This is article 6 in “Taming AI Coding Agents with TDD.” The first four covered requirements disambiguation with the GEAR protocol, tech spec guardrails, test documents before test code, and convergent review loops. Article 5 upgraded the review layer with procedural justice. This one strings everything together into a single pipeline you can actually run.

The Complete Pipeline

Product Design → Tech Spec → Test Plan → Test Code → Production Code
      ↑              ↑           ↑           ↑             ↑
   Ralph Loop     Ralph Loop  Ralph Loop  Ralph Loop    Ralph Loop

Each stage has its own inputs, outputs, and review rules:

  • Requirements: Raw feature ideas go in. Testable acceptance criteria come out.
  • Design: Acceptance criteria go in. A tech spec backed by API research comes out.
  • Test planning: The tech spec goes in. Full-coverage test cases come out.
  • Coding: Test cases go in. Passing production code comes out.
  • Review: Every stage ends with a Ralph Loop. C/H/M issues must hit zero before moving on. Two consecutive rounds with zero issues at any level (C/H/M/L) triggers early exit[1].
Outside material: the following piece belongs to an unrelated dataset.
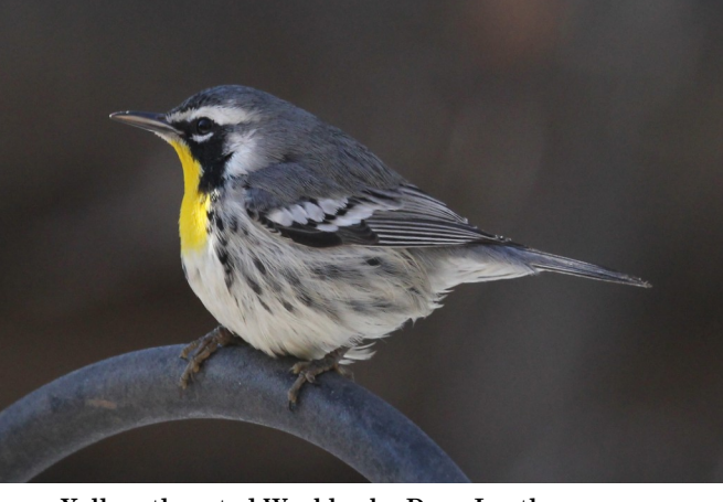
Yellow-throated Warbler by Dave Leatherman.

Horsetooth Reservoir. Yellow-rumped Warblers were seen in several areas, a new high count of that species. Other highlights included a Spotted Sandpiper and four Eastern Bluebirds. In all. 29,000 individual birds were counted, a fairly low number resulting from the minimal number of waterfowl counted.

The pipeline runs on priority propagation. During product design, each acceptance criterion gets tagged as either key (must have full test coverage) or peripheral (happy-path is enough). That tag flows downstream. Key ACs require boundary tests and error-path tests. Peripheral ACs only need the main scenario. Decisions made early ripple through every downstream stage.
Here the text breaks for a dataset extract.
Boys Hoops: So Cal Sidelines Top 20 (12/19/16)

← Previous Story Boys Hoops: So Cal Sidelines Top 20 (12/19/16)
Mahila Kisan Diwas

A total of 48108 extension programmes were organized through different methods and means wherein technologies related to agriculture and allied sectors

Why You Cannot Skip Stages

Errors propagate downstream in this pipeline. Ambiguous requirements? The AI will not ask for clarification. It fills in the blanks with its own assumptions. Skipped API research during design? The AI will not stop to verify. It builds an entire architecture on top of APIs that may not exist. Test cases covering only happy-paths? The AI will not flag the gaps. It ships code that passes the narrow tests and calls it done.

Each layer exists to catch what the layer above missed. Skip one, and errors flow straight into production code. Finding them during review costs ten times more to fix.

Stage Checklists

Requirements Stage

  • Is every acceptance criterion testable?
  • Can each AC produce a binary pass/fail verdict?
  • Are there vague subjective adjectives hiding in the text?
  • Did you ask at least three clarifying questions?
  • Are platform constraints written out explicitly?

Full rules: Requirements disambiguation with the GEAR protocol

Design Stage

  • Does every platform API call have a research conclusion behind it?
  • Does each research result cite an official documentation source?
  • Are there assumptions about features that may not exist?
  • Can every component be traced back to an acceptance criterion?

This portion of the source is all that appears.